===== DATASET CONTENT =====

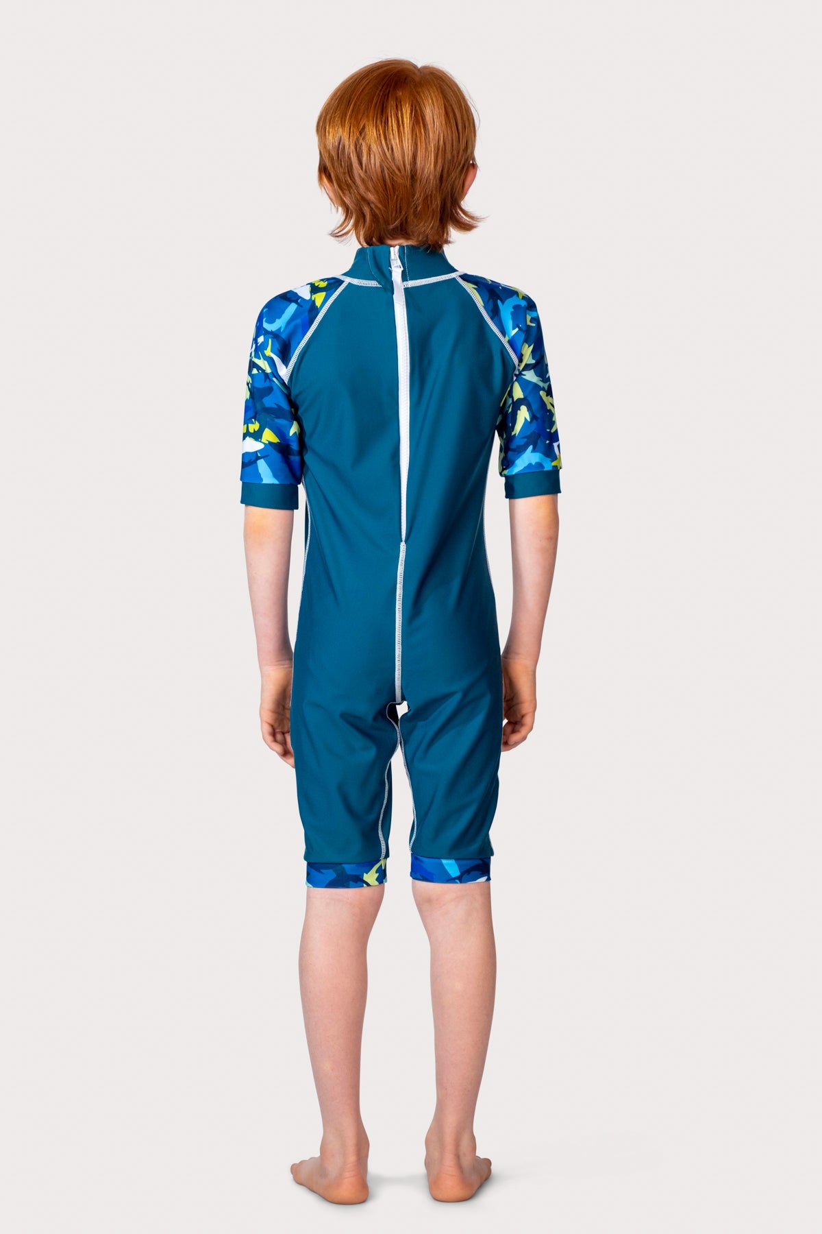 يوفر هذا التصميم المريح والفريد المكون من قطعة واحدة الراحة وحرية الحركة أثناء اللعب النشط في الماء. يحتفظ القماش المقاوم للكلور والماء المالح بشكله ويجف بسرعة مع توفير الحماية اللازمة من الأشعة فوق البنفسجية. انطلق، أحب الشمس!
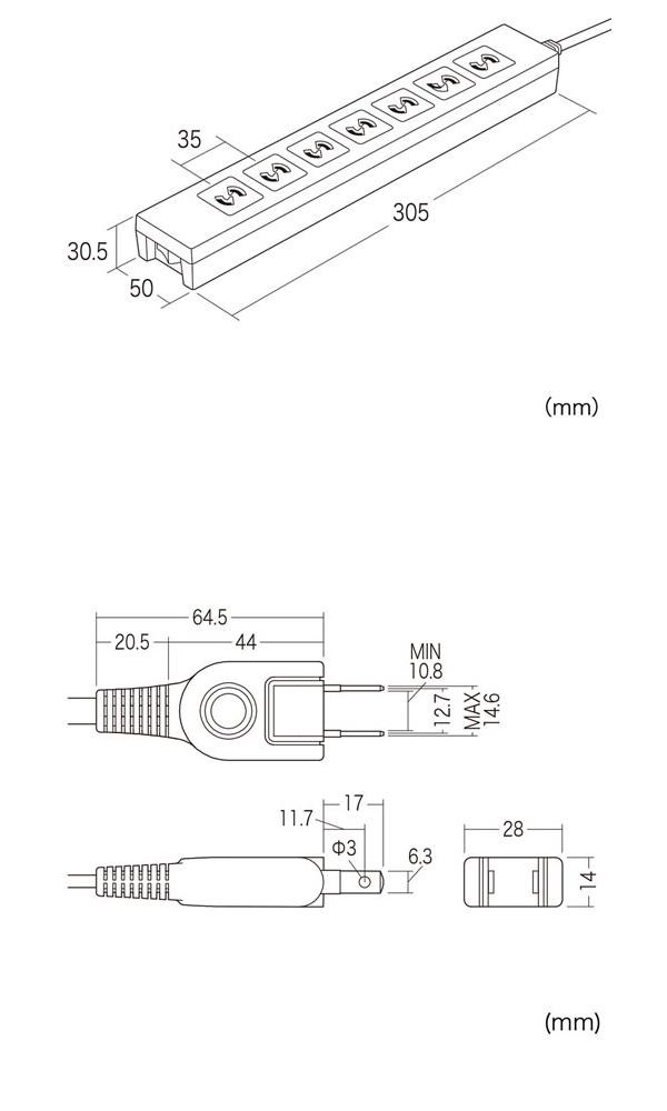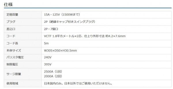 | 2P抜け止め7個口、集中スイッチ、マグネット、雷ガード付き。ネームタグ、専用コンセントキャップ付属の電源タップ。コード長5m。 |
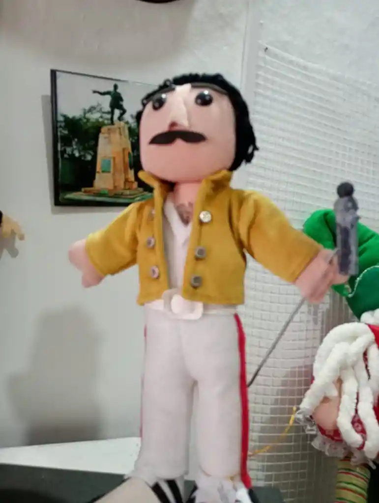 Es una pieza elaborada en trapo y algodón,imitación del icono musical britanico,vocalista de Queen mide 30cms
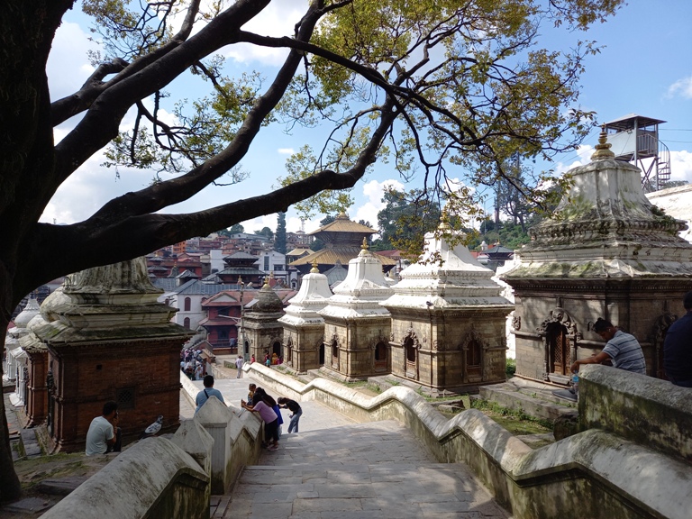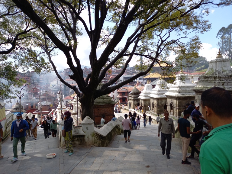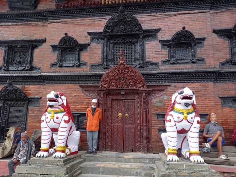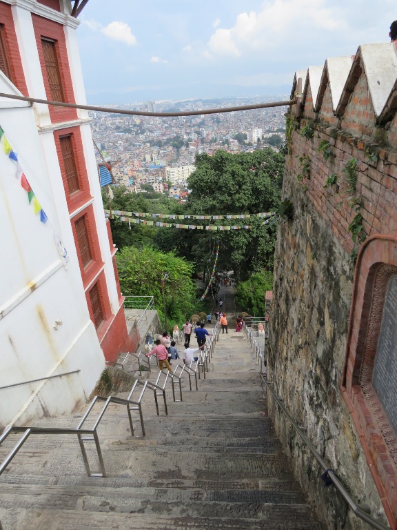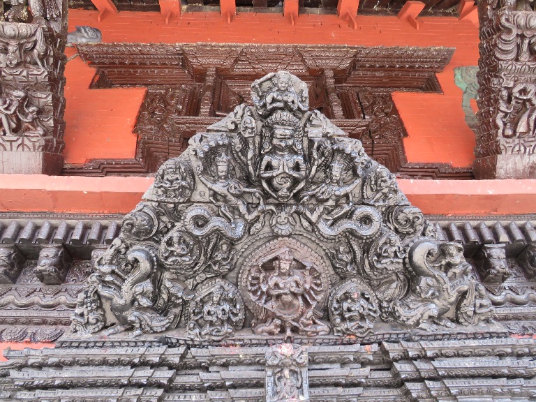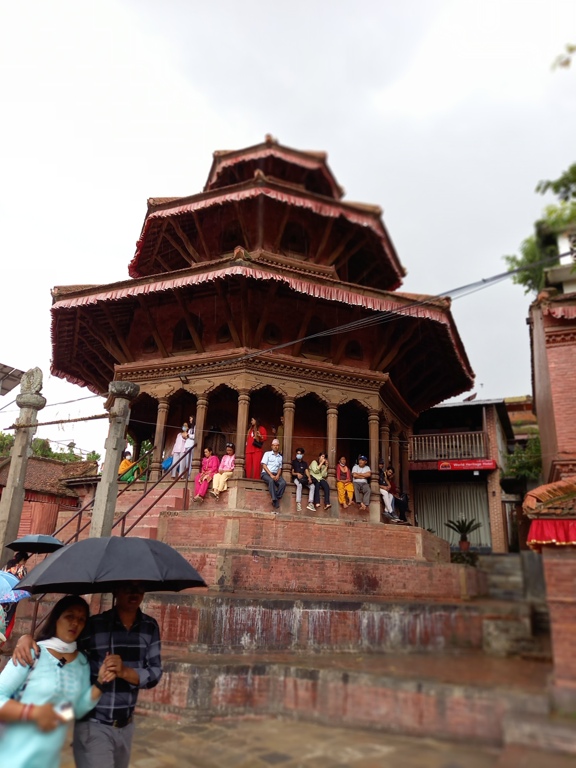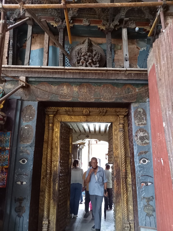 Poate fi accesat pe 2 șiruri de scări, pe cea din est, cu 365 de trepte, construită de Regele Pratap Malla (sec. XVII), ajungându-se direct pe platforma principală a templului.

=====

→ PROMPT
Everything from the line containing "Es una pieza" to the last line of the listing above is to be written out exactly, except the pictures, and nothing else.

→ ANSWER FOR THIS EXERCISE
 Es una pieza elaborada en trapo y algodón,imitación del icono musical britanico,vocalista de Queen mide 30cms
 Poate fi accesat pe 2 șiruri de scări, pe cea din est, cu 365 de trepte, construită de Regele Pratap Malla (sec. XVII), ajungându-se direct pe platforma principală a templului.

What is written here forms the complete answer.